[Material for this exercise — start]
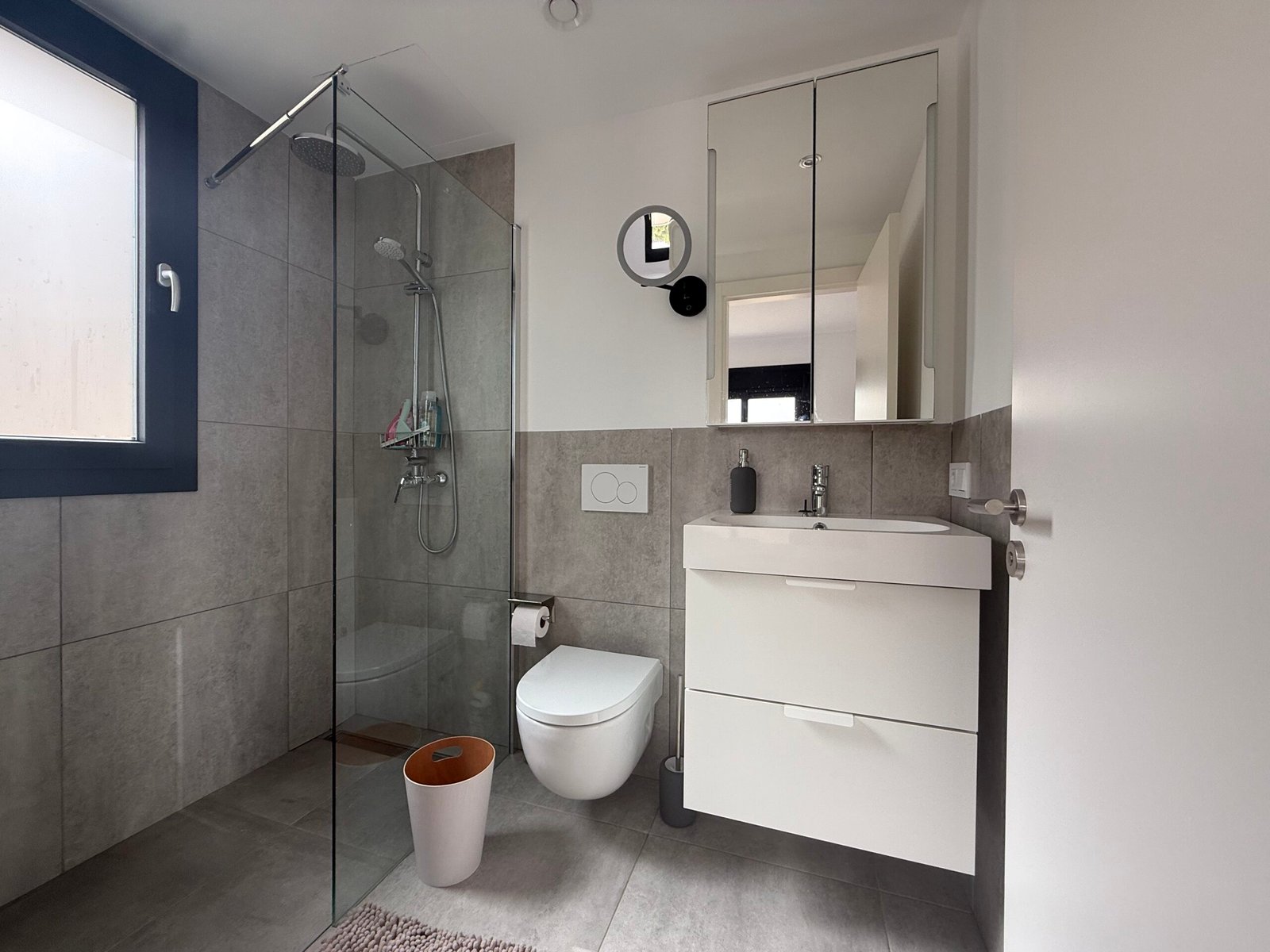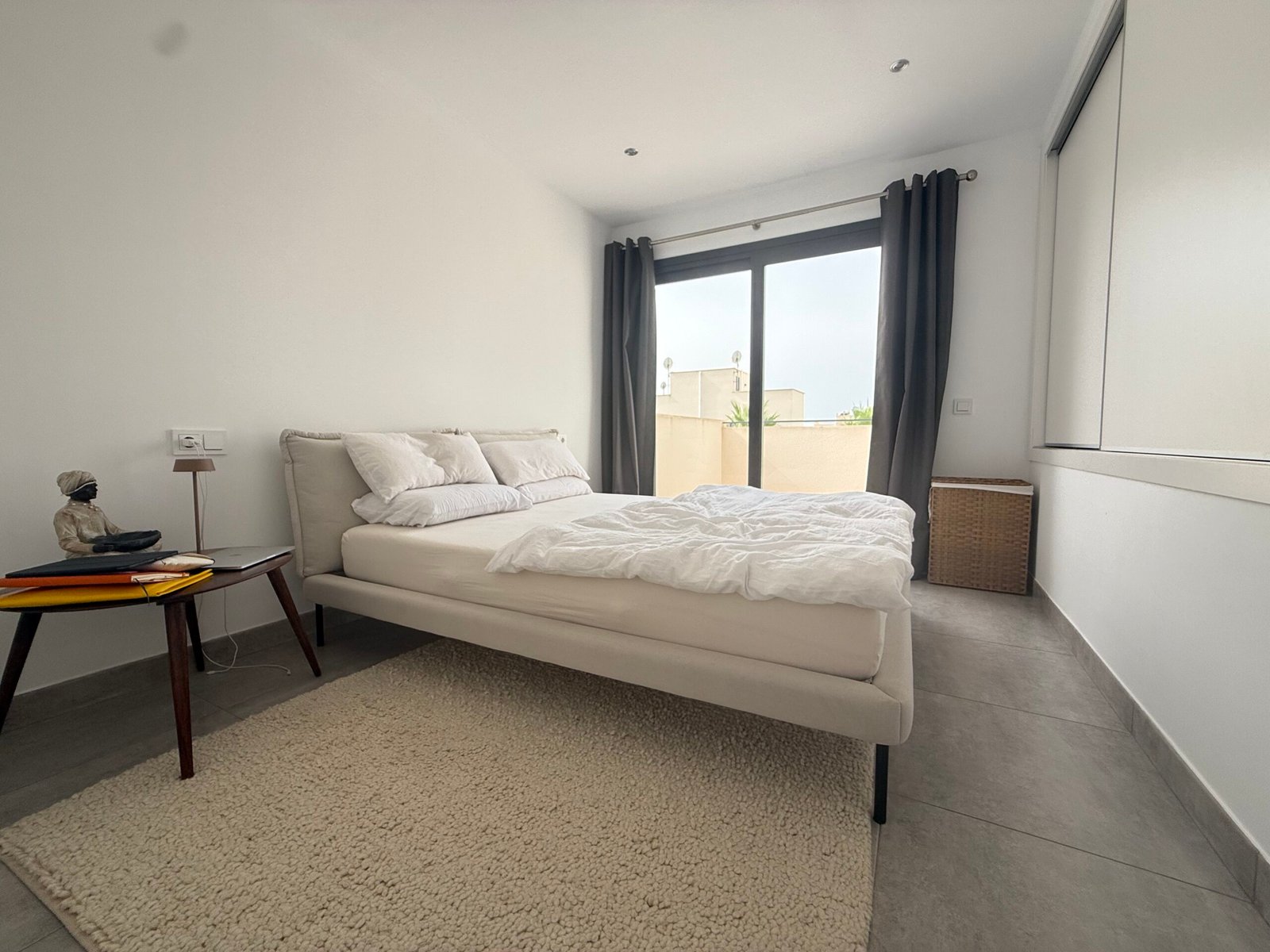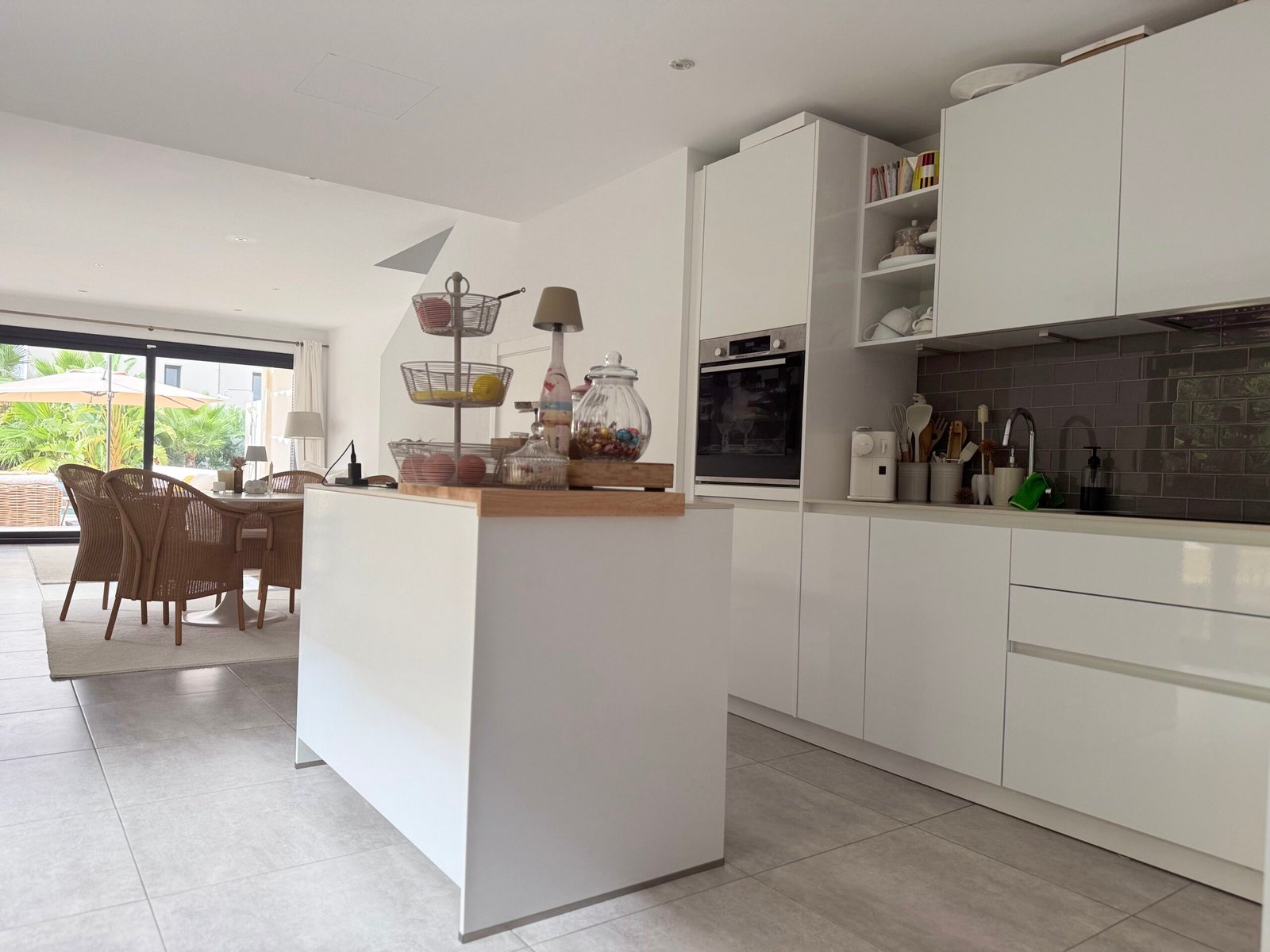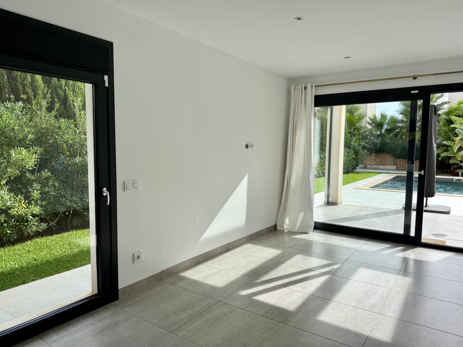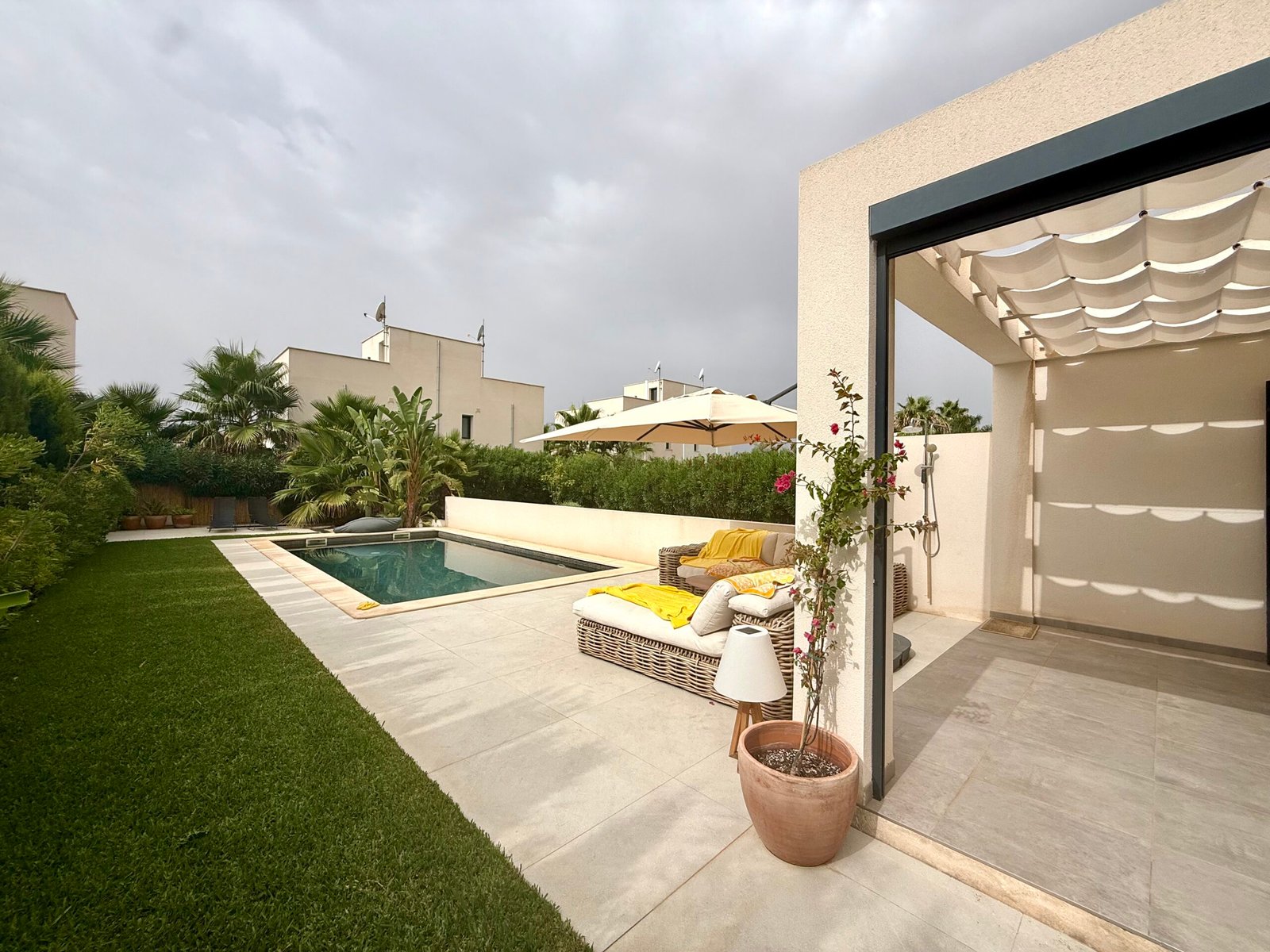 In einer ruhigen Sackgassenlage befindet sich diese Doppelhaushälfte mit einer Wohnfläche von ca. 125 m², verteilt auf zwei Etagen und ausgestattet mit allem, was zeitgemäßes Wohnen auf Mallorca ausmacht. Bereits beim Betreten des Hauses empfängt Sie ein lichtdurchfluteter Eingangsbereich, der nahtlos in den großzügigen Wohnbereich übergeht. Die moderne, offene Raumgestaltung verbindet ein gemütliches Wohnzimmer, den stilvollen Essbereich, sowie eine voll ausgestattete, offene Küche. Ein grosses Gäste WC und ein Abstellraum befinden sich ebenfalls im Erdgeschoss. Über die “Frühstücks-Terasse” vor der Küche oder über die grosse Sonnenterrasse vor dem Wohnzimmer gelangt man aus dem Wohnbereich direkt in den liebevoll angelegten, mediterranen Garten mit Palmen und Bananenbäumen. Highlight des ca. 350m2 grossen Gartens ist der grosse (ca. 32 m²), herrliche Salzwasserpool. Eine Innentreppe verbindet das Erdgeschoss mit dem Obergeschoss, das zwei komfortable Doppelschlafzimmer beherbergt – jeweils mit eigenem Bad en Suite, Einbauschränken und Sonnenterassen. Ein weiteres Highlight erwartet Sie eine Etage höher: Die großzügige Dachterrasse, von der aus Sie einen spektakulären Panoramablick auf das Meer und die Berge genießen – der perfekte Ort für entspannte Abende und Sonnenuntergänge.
[Material for this exercise — finish]
[Material for this exercise — start]
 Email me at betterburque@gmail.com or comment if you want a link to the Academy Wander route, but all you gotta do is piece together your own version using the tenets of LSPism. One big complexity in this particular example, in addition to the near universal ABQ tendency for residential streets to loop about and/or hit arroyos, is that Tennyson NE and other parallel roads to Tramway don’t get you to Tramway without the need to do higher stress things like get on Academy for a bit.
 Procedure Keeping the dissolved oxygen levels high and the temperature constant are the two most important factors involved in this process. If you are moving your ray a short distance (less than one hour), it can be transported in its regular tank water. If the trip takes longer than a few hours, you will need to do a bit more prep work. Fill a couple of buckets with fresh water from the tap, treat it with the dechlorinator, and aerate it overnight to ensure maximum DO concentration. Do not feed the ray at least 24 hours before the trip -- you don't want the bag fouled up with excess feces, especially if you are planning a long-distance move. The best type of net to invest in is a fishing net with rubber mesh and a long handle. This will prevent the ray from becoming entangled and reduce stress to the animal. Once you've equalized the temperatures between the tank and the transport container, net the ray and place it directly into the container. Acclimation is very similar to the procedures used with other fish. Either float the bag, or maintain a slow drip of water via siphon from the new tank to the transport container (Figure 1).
[Material for this exercise — finish]
● Directions for this task: Lines from the entries that contain the string "need" are what must be copied.

● The answer:
 Email me at betterburque@gmail.com or comment if you want a link to the Academy Wander route, but all you gotta do is piece together your own version using the tenets of LSPism. One big complexity in this particular example, in addition to the near universal ABQ tendency for residential streets to loop about and/or hit arroyos, is that Tennyson NE and other parallel roads to Tramway don’t get you to Tramway without the need to do higher stress things like get on Academy for a bit.
 Procedure Keeping the dissolved oxygen levels high and the temperature constant are the two most important factors involved in this process. If you are moving your ray a short distance (less than one hour), it can be transported in its regular tank water. If the trip takes longer than a few hours, you will need to do a bit more prep work. Fill a couple of buckets with fresh water from the tap, treat it with the dechlorinator, and aerate it overnight to ensure maximum DO concentration. Do not feed the ray at least 24 hours before the trip -- you don't want the bag fouled up with excess feces, especially if you are planning a long-distance move. The best type of net to invest in is a fishing net with rubber mesh and a long handle. This will prevent the ray from becoming entangled and reduce stress to the animal. Once you've equalized the temperatures between the tank and the transport container, net the ray and place it directly into the container. Acclimation is very similar to the procedures used with other fish. Either float the bag, or maintain a slow drip of water via siphon from the new tank to the transport container (Figure 1).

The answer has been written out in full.